Membeludaknya pencari kerja yang menerjuni bursa-bursa kerja itu tidak lebih merupakan arena perjudian nasib semata. Sekaligus menunjukkan rendahnya penguasaan metode ilmiah yang mereka reguk di bangku pendidikan untuk diaplikasikan di dunia nyata.

Sebab strategi berburu pekerjaan seharusnya dilakukan secara sistematis. Persis seperti ketika mereka menulis skripsi. Diawali penentuan topik skripsi bersangkutan. Dalam langkah berburu pekerjaan langkah awal itu adalah melakukan self-assessment, menilai secara kritis dirinya sendiri, guna menentukan sasaran yang sesuai bakat, minat, temperamen dirinya.

Juga meriset kualifikasi pekerjaan sampai detil informasi pelbagai perusahaan sasaran, pengumpulan data wawancara dengan karyawan yang pekerjaan atau karirnya ingin diterjuni, menggalang jejaring atau networking, sampai ujian skripsi (tes wawancara kerja).

Metode sistematis yang lebih agresif dan efektif ini tidak berbau untung-untungan. Sarana teknologi komunikasi dan informasi kini melimpah tersedia, sehingga perburuan pekerjaan tidak semata terpaku pada satu metode berbau perjudian, selain terjun dalam bursa kerja, adalah membalas iklan-iklan lowongan.

Rata-rata pencari kerja tidak tahu bahwa sebenarnya lowongan yang muncul dalam iklan senyatanya hanya 15 persen dari seluruh lowongan yang tersedia. Sisanya yang 85 persen tersembunyi, dan hanya pencari kerja yang smart saja yang mampu mengeksploitasinya.

Belum lagi statistik menunjukkan, yang juga telah saya tulis di kolom surat pembaca harian Suara Merdeka (28/8/2003) betapa dengan mengandalkan surat lamaran semata maka pekerjaan tersebut baru akan diperoleh bagi mereka yang telah mengirimkan 1.470 pucuk surat lamaran.
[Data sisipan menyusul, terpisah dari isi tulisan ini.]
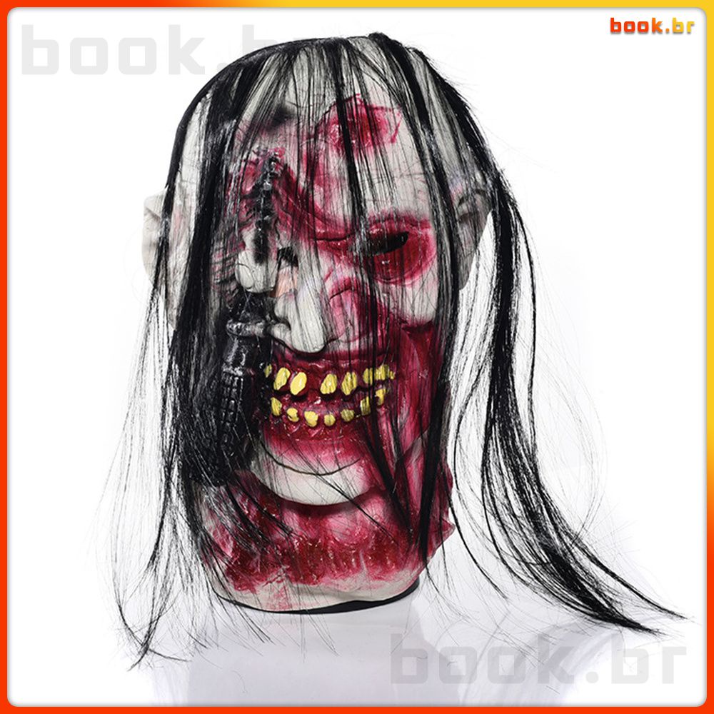 Halloween Assustador Sangue Artificial Rosto Máscara Fantasma Cabelo Longo Feminino Máscara De Látex Fantasma | livro_br

Mari kita belajar matematika. Apabila dirinya setiap hari mengirimkan sepucuk surat lamaran, maka waktu yang dibutuhkan 4 tahun lebih. Kemudian bila satu pucuk surat lamaran itu menghabiskan biaya Rp 10 ribu maka dibutuhkan dana sebesar Rp 14,7 juta.

Berburu pekerjaan bermetode ilmiah seperti dianjurkan oleh para pakar seperti Richard Nelson Bolles, John Crystal, Tom Jackson, Daniel Porot, Caroline Hyatt, Marilyn Moats Kennedy, John Truitt, Jason Robertson sampai Paul Hellman, membekali tiap diri pencari kerja dengan pengetahuan yang rasional, keyakinan baja, dan jauh dari taktik perjudian semata.
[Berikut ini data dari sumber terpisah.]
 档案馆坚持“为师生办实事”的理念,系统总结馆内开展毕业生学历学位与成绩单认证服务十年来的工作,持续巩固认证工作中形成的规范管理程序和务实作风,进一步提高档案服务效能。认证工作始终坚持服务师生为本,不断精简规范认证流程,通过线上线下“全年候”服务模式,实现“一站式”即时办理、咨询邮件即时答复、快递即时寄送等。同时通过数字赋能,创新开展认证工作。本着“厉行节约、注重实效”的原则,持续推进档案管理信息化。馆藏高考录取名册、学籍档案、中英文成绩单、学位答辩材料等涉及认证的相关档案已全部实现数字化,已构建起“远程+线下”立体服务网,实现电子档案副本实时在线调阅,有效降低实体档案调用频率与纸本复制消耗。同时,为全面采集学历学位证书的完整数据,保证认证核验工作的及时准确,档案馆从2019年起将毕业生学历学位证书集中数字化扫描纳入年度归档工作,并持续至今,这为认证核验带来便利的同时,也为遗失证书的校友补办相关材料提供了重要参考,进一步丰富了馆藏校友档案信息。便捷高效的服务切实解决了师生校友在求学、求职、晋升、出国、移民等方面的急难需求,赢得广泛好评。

Oleh mereka, setiap diri pencari kerja senantiasa diyakinkan bahwa mereka adalah sebagai pemecah persoalan, problem solver, bagi perusahaan yang diincar. Sayang sekali, mayoritas pencari kerja kita lebih suka mendudukkan diri hanya sebagai fihak pencipta persoalan, problem maker, sebagai pengemis pekerjaan.
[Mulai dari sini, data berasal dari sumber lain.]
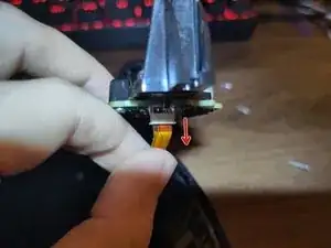БУДЬТЕ ОСТОРОЖНЫ! Под платой находятся два ленточных кабеля, подключенные к тачпадам. Поднимите плату достаточно высоко, чтобы добраться до ленточных кабелей, и аккуратно отключите их мягкими пинцетом или пальцами.
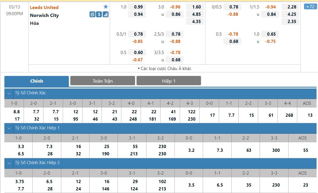 Tip kèo tỷ số hiệp 1: Leeds 0-0 Norwich
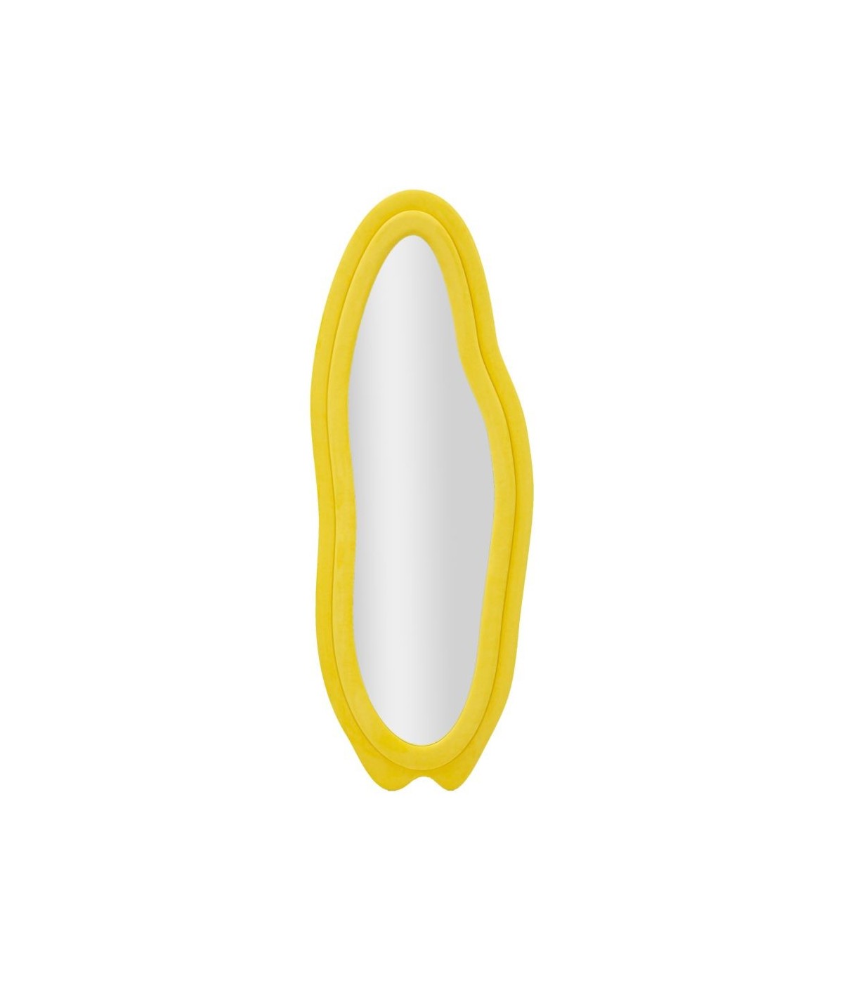 Specchio da parete con cornice in legno rivestita in velluto giallo, ideale per un tocco chic e vintage nell'arredamento domestico o in ambienti dal design raffinato.

Mereka tidak mampu mengenali diri mereka sendiri, tidak mengenali kelebihan atau pun kekurangannya, juga tidak tahu menahu tentang tuntutan pekerjaan atau bisnis inti perusahaan sasaran. Meminjam ajaran strategi perangnya Sun Tzu, mereka yang tahu dirinya sendiri dan tahu lawannya, akan senantiasa meraih kemenangan ; mereka tahu dirinya atau lawannya kadang menang dan kadang kalah ; sedang mereka yang tidak tahu tentang dirinya sendiri atau pun lawannya akan ditakdirkan selalu mengalami kekalahan.

Pribadi-pribadi pencari kerja dengan metode usang dan tradisional, adalah mereka yang akan selalu mengalami kekalahan. Yaitu sebagian besar dari mereka yang mengundang iba karena rela terjun dalam hiruk pikuk berburu kerja di tengah bursa tenaga kerja yang heboh itu.

Mereka ibarat laron-laron yang riuh mengerubungi bola lampu yang benderang, tetapi semata mempraktekkan akal-akalan jalan pintas yang sangat sarat aroma perjudian nasib semata. Setiap perjudian senantiasa menimbulkan lebih banyak korban kekalahan.

Mereka yang kalah itu akan lebih banyak diam, dan bunga harapan yang disemai sejak mereka usai wisuda itu akan hanya terkulai satu demi satu.